== The problem ==
From the first line of the data through the line containing "Lucien Rebatet (Moras-en-Valloire, 1903/1972)Manuscrit", transcribe each line exactly. Pictures do not belong in the copy.

== Data shown ==
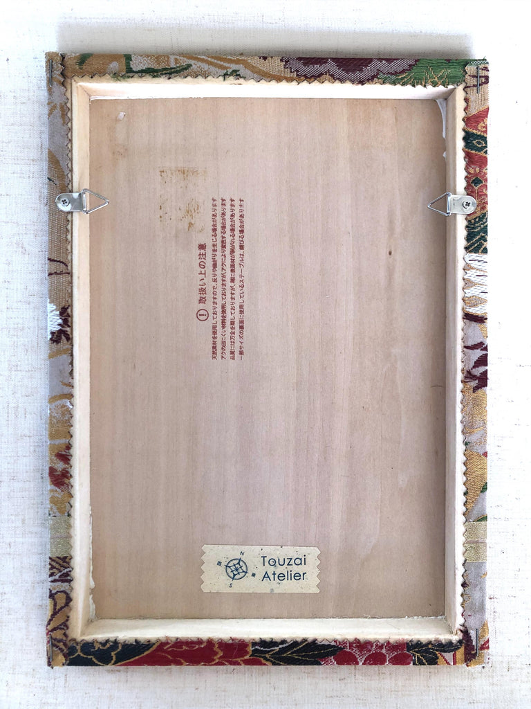 Authentic obi fabric stretched on a wooden panel. A matching ribbon for hanging is included.
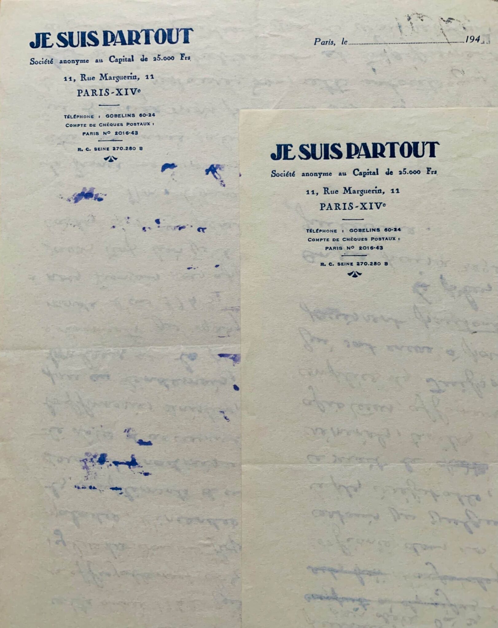 Lucien Rebatet (Moras-en-Valloire, 1903/1972)Manuscrit d'un violent texte de Rebatet : ses voeux pour la France en 1943. Il est écrit au dos de feuillets à l'entête de Je suis Partout, ce qui laisse supposer qu'il était probablement destiné à ce journal. Rebatet venait de publier Les Décombres, pamphlet antisémite et collaborationniste, dans lequel il désignait les Juifs, les politiques et les militaires comme responsables de la défaite de 40.
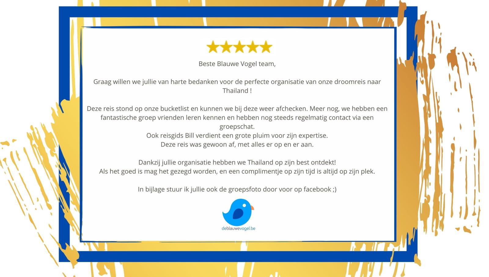 Onder het motto ‘Als het goed is, zeggen we het ook’, willen Erika en ik je laten weten dat de reis die we naar Thailand maakten (vertrek 5 april), tot de mooiste ooit behoort. Hoewel we allebei redelijk bereisd zijn (we reisden op alle continenten meermaals en langdurig) en hoewel ikzelf eerder al in Thailand rondreisde, was deze DBV-reis bijzonder speciaal. Omdat mijn job het niet toestaat om iets “perfect” te noemen ????, wijken we uit naar het predicaat “uitmuntend”. Tot de succesfactoren behoren:
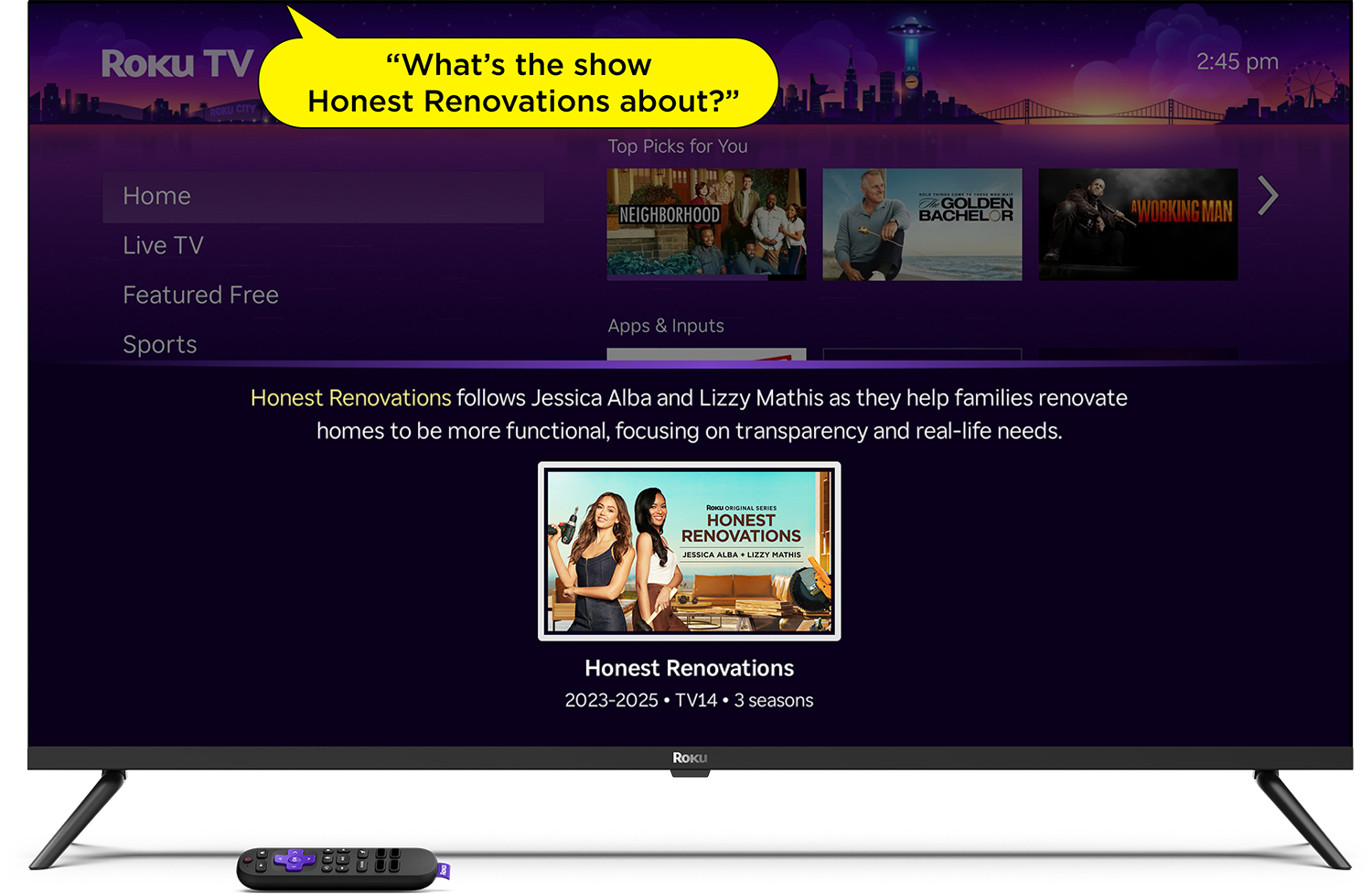 You can even ask follow-up questions, and Roku Voice will keep up with the conversation. You’ll get answers without reaching for your phone or laptop — Roku Voice responds directly on your screen, with quick launch options for relevant content.

== Expected answer ==
 Authentic obi fabric stretched on a wooden panel. A matching ribbon for hanging is included.
 Lucien Rebatet (Moras-en-Valloire, 1903/1972)Manuscrit d'un violent texte de Rebatet : ses voeux pour la France en 1943. Il est écrit au dos de feuillets à l'entête de Je suis Partout, ce qui laisse supposer qu'il était probablement destiné à ce journal. Rebatet venait de publier Les Décombres, pamphlet antisémite et collaborationniste, dans lequel il désignait les Juifs, les politiques et les militaires comme responsables de la défaite de 40.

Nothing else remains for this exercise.